San Francisco - The Electronic Frontier Foundation (EFF) today urged a technical association to stop balloting on a flawed proposal for an electronic voting machine standard.

EFF invited concerned parties to write letters to the Institute of Electrical and Electronics Engineers, Inc. (IEEE), requesting an electronic voting machine standard that requires secure, voter-verifiable election equipment and technologies that support open democratic principles of governance.

"The IEEE voting equipment standard could impact dramatically the future of democratic systems in the U.S. and around the world," said EFF Legal Director Cindy Cohn. "We urge the IEEE to take the measures necessary to rework the standard currently under consideration so that it includes benchmarks for secure voter-verifiable election equipment and addresses additional criticisms from the security community."

In the aftermath of the Florida election debacle, the IEEE took up the question of standards for voting equipment, creating a working group, called Project 1583, overseen by a Standards Coordinating Committee known as SCC 38. Once finalized, the U.S. and other governments worldwide will likely adopt the IEEE voting equipment standard, especially since IEEE sits on a technical advisory board established by the federal Help America Vote Act (HAVA).

Members of the security community report that the current standard is flawed.
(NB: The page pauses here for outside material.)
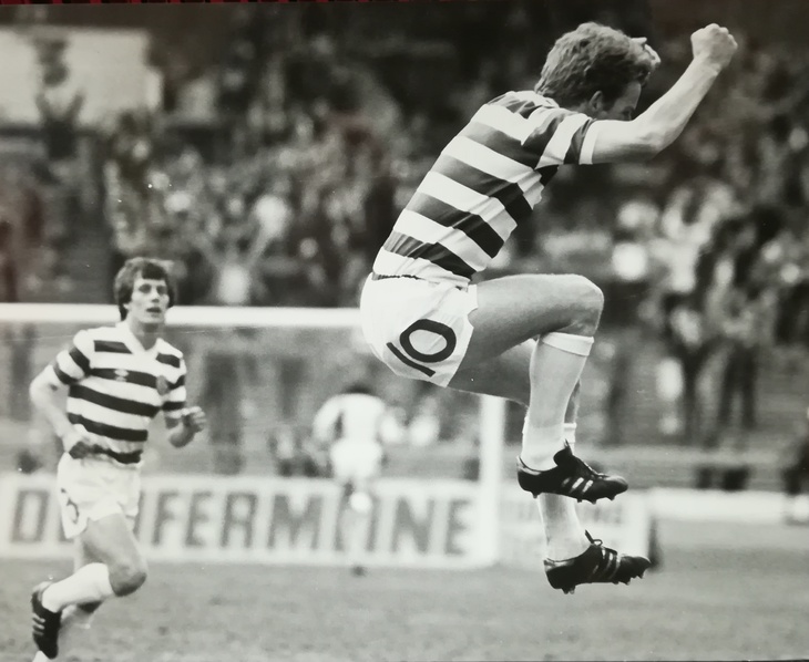 On Danny McGrain’s 32nd birthday, his great friend Tommy Burns got the party started after fifteen minutes, with a goal-of-the-season contender, twisting and turning before smashing the ball high past a bewildered McArthur in the Hibs goal. Three minutes later, man-of-the-moment Crainie kept his own tremendous scoring run going with an opportunist second.

P1583 is largely a design standard, describing how to configure current electronic voting machines, instead of a performance standard setting benchmarks and processes for testing the security, reliability, accessibility, and accuracy of these machines.

For example, the standard fails to require or even recommend voting machine designs that permit voters to verify their votes. One such method that is already available from multiple election machine companies is a provision that the machines produce a paper ballot for each voter that allows a voter to see a summary of her votes to confirm them. Agencies administering elections can then store paper ballots separately so they are available for audits in the case of dispute or for a recount.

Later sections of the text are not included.